▶ Task
Write out every record below exactly, leaving the pictures out.

▶ Material for this task
# # #
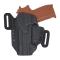 La particularité de l'Holster LTG-PRO, est que, lorsque l'arme est sortie de l'étui, l'index de l'opérateur se retrouve naturellement aligné sur la carcasse du pistolet et non sur le pontet ou la queue de détente. La position de l'Holster à la ceinture, peut être rehaussé et incliné grâce au système MMS. Les deux passants de ceinture Rubber-Tech peuvent se retirer pour être fixé sur différents points prédéfinis sur le côté de l'étui.
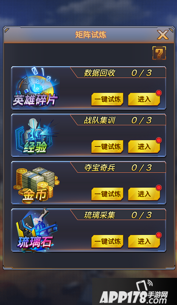 矩阵试炼,可以说是福利专区。在这里,可以领英雄碎片,经验,大量金币,和升级副官的琉璃石。
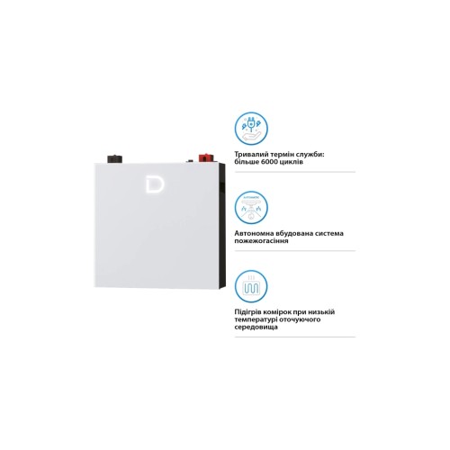 Кожна деталь Dyness DL5.0C Pro продумана до дрібниць. Металевий корпус захищає елементи від перегріву та механічних впливів, пасивне охолодження усуває шум і не потребує обслуговування. Робочі діапазони від −20°C до +55°C дозволяють експлуатувати батарею цілий рік, а опція автопідігріву допомагає у холодному кліматі. Заряд до 75 А і робоча напруга 44.8–57.6 В забезпечують гнучкість у налаштуванні систем, а компактні розміри (усього 488×515×150 мм) дозволяють монтувати модуль навіть у шафі чи на стіні поруч з інвертором. Dyness не просто постачає батареї — вона створює розумні рішення для реальних умов.
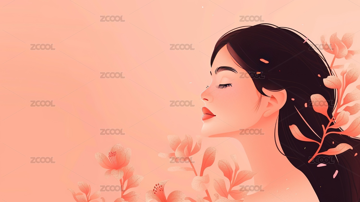 温柔粉色长发女性扁平风节日海报插画背景
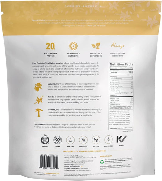 Organic Vanilla Lucuma Pea Protein Powder - 1 lb | Plant-Based Epic Protein Supplement by Sprout Living
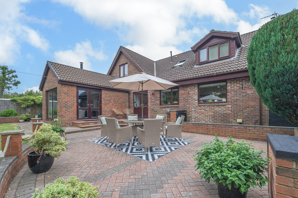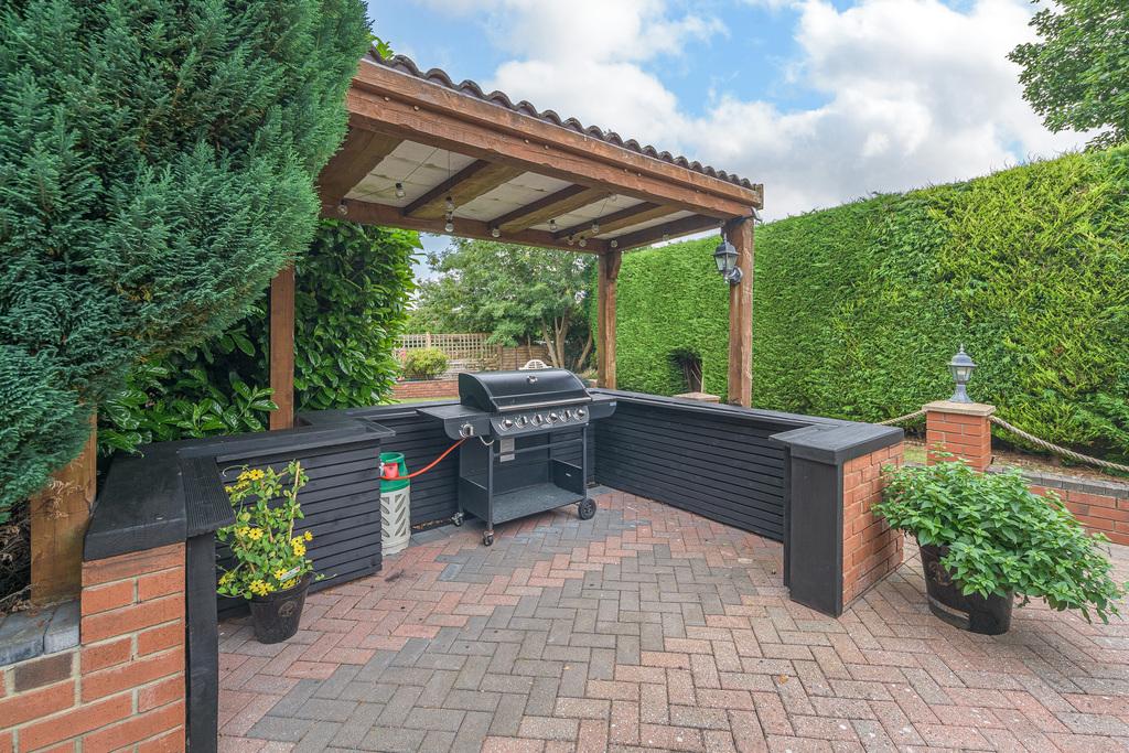 The extensive private wraparound landscaped gardens are wonderful with various seating areas, mature planting and an outdoor BBQ area, mature trees and raised beds, whilst the large block-paved driveway provides lots of parking. Next to the garage is another private sitting area.
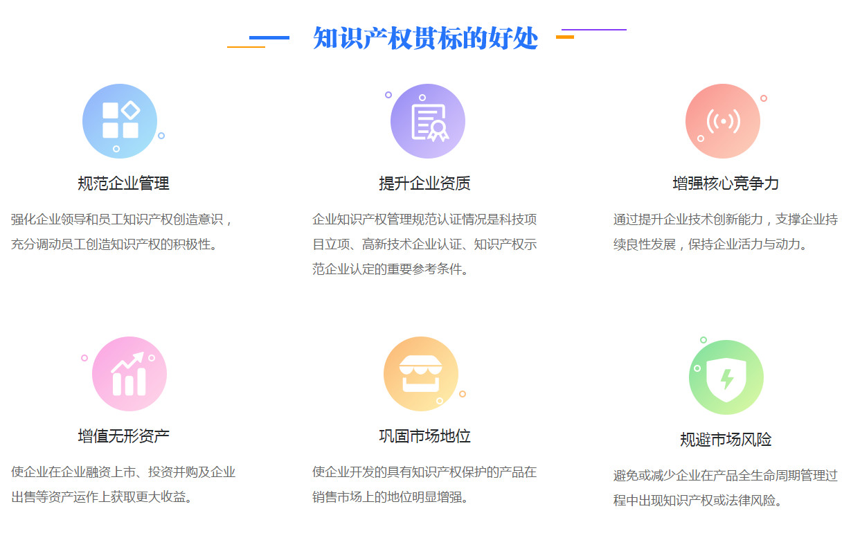 知识产权贯标对于企业来说,就是贯彻《企业知识产权管理规范》国家标准,其核心主旨就是为建立企业知识产权工作的规范体系,指导和帮助企业进一步强化知识产权创造、运用、管理和保护,增强自主创新能力,实现对知识产权的科学管理和战略运用,提高国际、国内市场竞争能力。
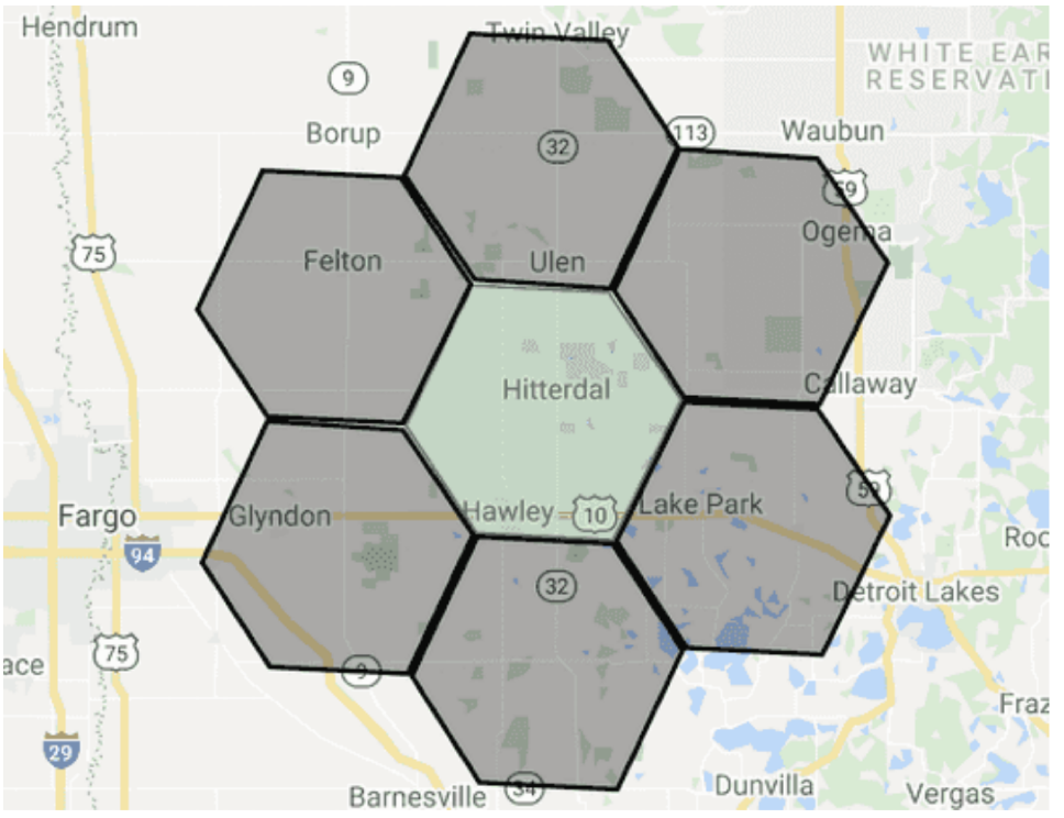 На рисунке показан образец разделения на гексы одного из американских штатов. Реальные гексо-карты и информация о разрешениях/запретов работы сервисов Starlink компанией SpaceX не разглашаются.
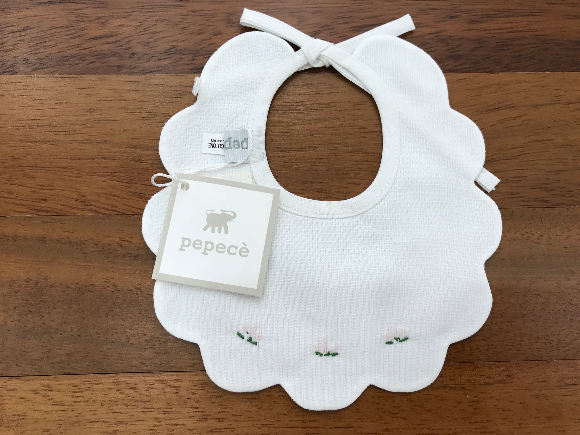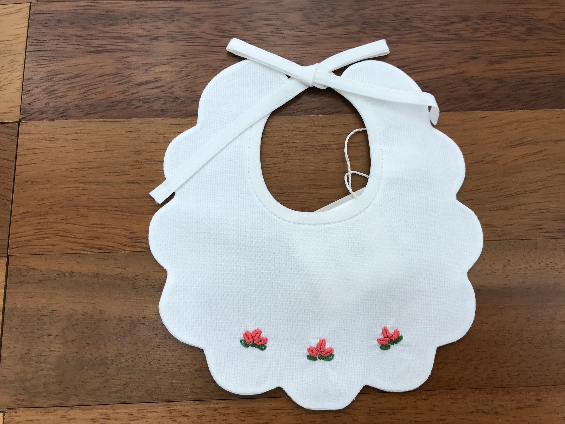 Bavaglino bianco con bordo smerlato, ornato da delicati ricami rossi floreali e chiusura a fiocchetto.
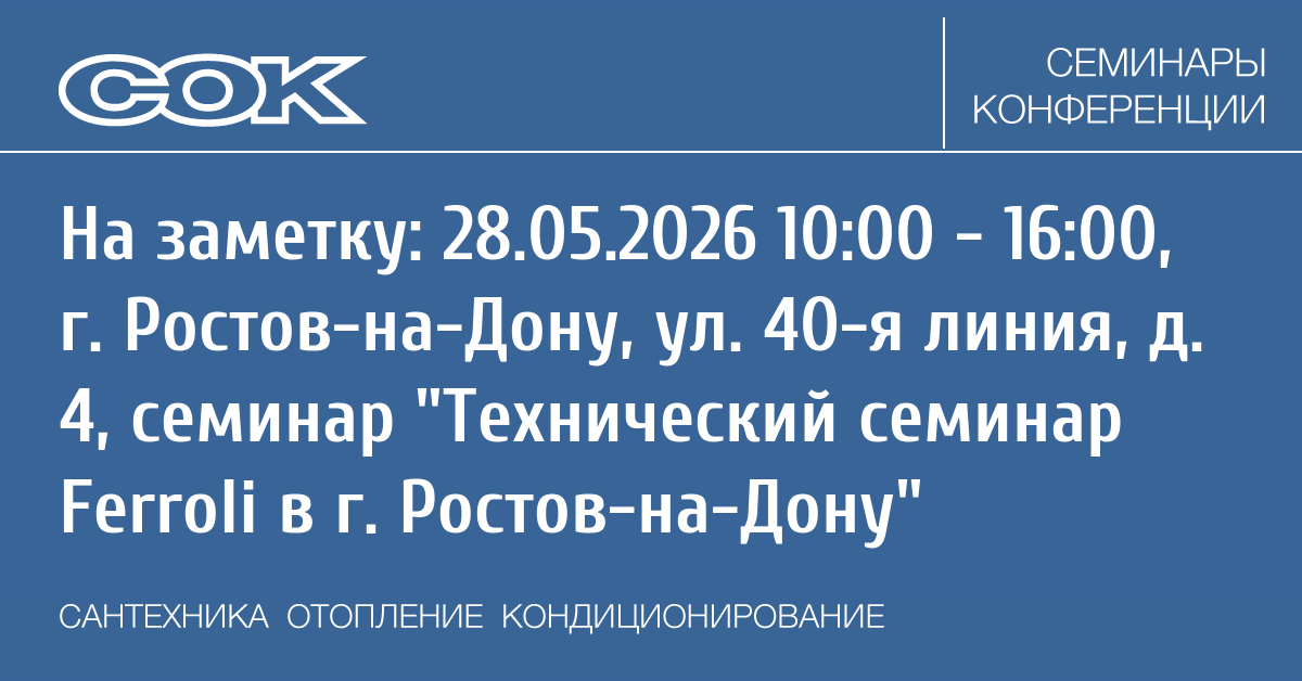 Семинар: Технический семинар Ferroli в г. Ростов-на-Дону
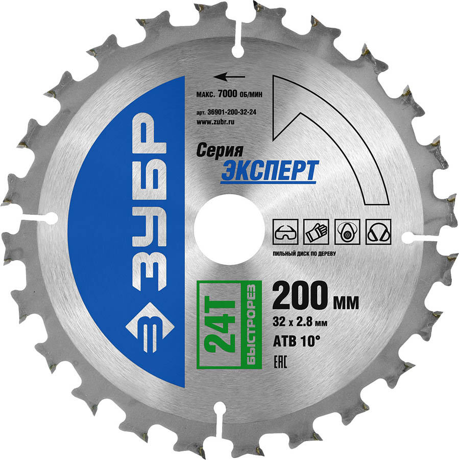 ЗУБР Ø 200 x 32 мм, 24T, диск пильный по дереву ''Быстрый рез'' 36901-200-32-24
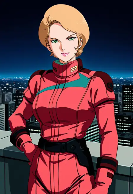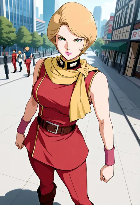 빨간색 군용 민소매 복, 노란색 스카프, 벨트, 빨간색 바지, 부츠
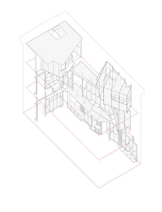内部空间与使用者体验:在内部空间的设计上,项目同样展现了精湛的设计技巧。通过木框架的巧妙运用,设计师在单调的矩形空间中创造了丰富的层次感和动感。框架不仅定义了不同的功能区域,还营造了一种“不稳定”的视觉效果,增加了空间的趣味性。垂直循环的设计也值得称赞,绿色的楼梯穿梭于悬挑的平台之间,构成了一个动态的旅程,提升了使用者体验。 此外,咖啡馆柜台的设置,将内部空间向外延伸,创造了户外座位区,进一步加强了建筑与社区之间的互动。 这充分体现了设计师对使用者体验的关注和对空间价值的深度挖掘。
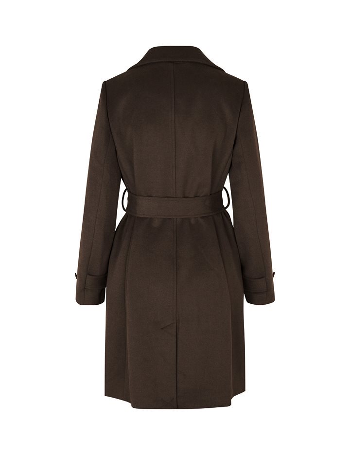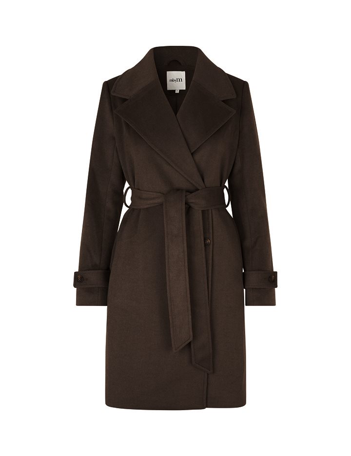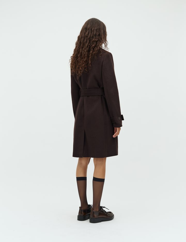 Nice transitional jacket.- Material: 50% Wool, 45% Polyester, 5% mixed fibers (waistband 100% Polyester)- Waist strap- Closes with 2 buttons- Slit at the back- Notch lapel- Button details on sleeves- Midi lengthThe model's height is 176 cm and she is wearing size S.
# # #
▶ Written response
 La particularité de l'Holster LTG-PRO, est que, lorsque l'arme est sortie de l'étui, l'index de l'opérateur se retrouve naturellement aligné sur la carcasse du pistolet et non sur le pontet ou la queue de détente. La position de l'Holster à la ceinture, peut être rehaussé et incliné grâce au système MMS. Les deux passants de ceinture Rubber-Tech peuvent se retirer pour être fixé sur différents points prédéfinis sur le côté de l'étui.
 矩阵试炼,可以说是福利专区。在这里,可以领英雄碎片,经验,大量金币,和升级副官的琉璃石。
 Кожна деталь Dyness DL5.0C Pro продумана до дрібниць. Металевий корпус захищає елементи від перегріву та механічних впливів, пасивне охолодження усуває шум і не потребує обслуговування. Робочі діапазони від −20°C до +55°C дозволяють експлуатувати батарею цілий рік, а опція автопідігріву допомагає у холодному кліматі. Заряд до 75 А і робоча напруга 44.8–57.6 В забезпечують гнучкість у налаштуванні систем, а компактні розміри (усього 488×515×150 мм) дозволяють монтувати модуль навіть у шафі чи на стіні поруч з інвертором. Dyness не просто постачає батареї — вона створює розумні рішення для реальних умов.
 温柔粉色长发女性扁平风节日海报插画背景
 Organic Vanilla Lucuma Pea Protein Powder - 1 lb | Plant-Based Epic Protein Supplement by Sprout Living
 The extensive private wraparound landscaped gardens are wonderful with various seating areas, mature planting and an outdoor BBQ area, mature trees and raised beds, whilst the large block-paved driveway provides lots of parking. Next to the garage is another private sitting area.
 知识产权贯标对于企业来说,就是贯彻《企业知识产权管理规范》国家标准,其核心主旨就是为建立企业知识产权工作的规范体系,指导和帮助企业进一步强化知识产权创造、运用、管理和保护,增强自主创新能力,实现对知识产权的科学管理和战略运用,提高国际、国内市场竞争能力。
 На рисунке показан образец разделения на гексы одного из американских штатов. Реальные гексо-карты и информация о разрешениях/запретов работы сервисов Starlink компанией SpaceX не разглашаются.
 Bavaglino bianco con bordo smerlato, ornato da delicati ricami rossi floreali e chiusura a fiocchetto.
 Семинар: Технический семинар Ferroli в г. Ростов-на-Дону
 ЗУБР Ø 200 x 32 мм, 24T, диск пильный по дереву ''Быстрый рез'' 36901-200-32-24
 빨간색 군용 민소매 복, 노란색 스카프, 벨트, 빨간색 바지, 부츠
内部空间与使用者体验:在内部空间的设计上,项目同样展现了精湛的设计技巧。通过木框架的巧妙运用,设计师在单调的矩形空间中创造了丰富的层次感和动感。框架不仅定义了不同的功能区域,还营造了一种“不稳定”的视觉效果,增加了空间的趣味性。垂直循环的设计也值得称赞,绿色的楼梯穿梭于悬挑的平台之间,构成了一个动态的旅程,提升了使用者体验。 此外,咖啡馆柜台的设置,将内部空间向外延伸,创造了户外座位区,进一步加强了建筑与社区之间的互动。 这充分体现了设计师对使用者体验的关注和对空间价值的深度挖掘。
 Nice transitional jacket.- Material: 50% Wool, 45% Polyester, 5% mixed fibers (waistband 100% Polyester)- Waist strap- Closes with 2 buttons- Slit at the back- Notch lapel- Button details on sleeves- Midi lengthThe model's height is 176 cm and she is wearing size S.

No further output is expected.